Simulation based optimization for supply chain configuration design

Supply chain management promotes the integration of organizational functions of production systems ranging from ordering of raw materials throughout manufacturing processes, to distribution and delivery of products to customers. Its applications demonstrate that this idea enables organizations to achieve higher quality products, better customer service, and lower overall cost.; Supply Chain Configuration Design is the first issue managers face when establishing a new supply chain or re-designing of existing ones. Several challenges associated with Supply Chain Configuration Design could be listed: (1) relationships among companies in supply chains are complex, dynamic and uncertain, (2) supply chain networks in practice are both broad and deep, and (3) the decision-making process involves many decision variables most of which are qualitative and policy in nature. With a focus on Supply Chain Configuration Design this dissertation has developed a new approach to solve real-world problems. Applying the approach, we were able to address several strategic problems simultaneously: location, allocation, supplier selection, production planning and distribution problems.; This dissertation constructed a user-friendly, graphical tool for modeling supply chain configurations so that logic properties of supply chain processes can be analyzed and verified; users are able to precisely describe parameters and relationships among the supply chain's processes, to obtain better understanding of decision making issues in complex systems, to evaluate particular policies and to predict the outcomes.; The core of this research concentrated on the development of a hybrid optimization approach that combined Simulation, Mixed Integer Programming and Genetic Algorithm for Supply Chain Configuration Design.
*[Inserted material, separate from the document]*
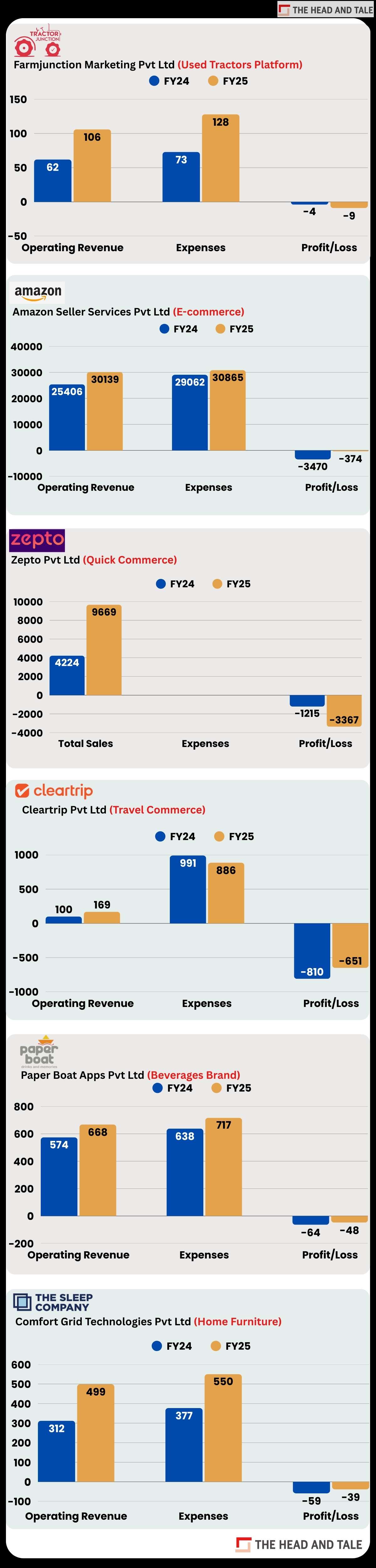 Tractor Junction, Amazon (E-commerce), Zepto, Cleartrip, Paper Boat, The Sleep Company π

GA provides a mechanism to optimize qualitative and policy variables. MIP reduces computing efforts by manipulating quantitative variables. Simulation is used to evaluate performances of each configuration with non-linear, complex relationships and under more realistic assumptions. The approach was designed to be general and robust so that it could be applied to any supply chain.; A case study, performance evaluation and time complexity analysis for the new approach were implemented. The proposed approach was found empirically to outperform the random sampling approach and the pure Genetic Algorithm.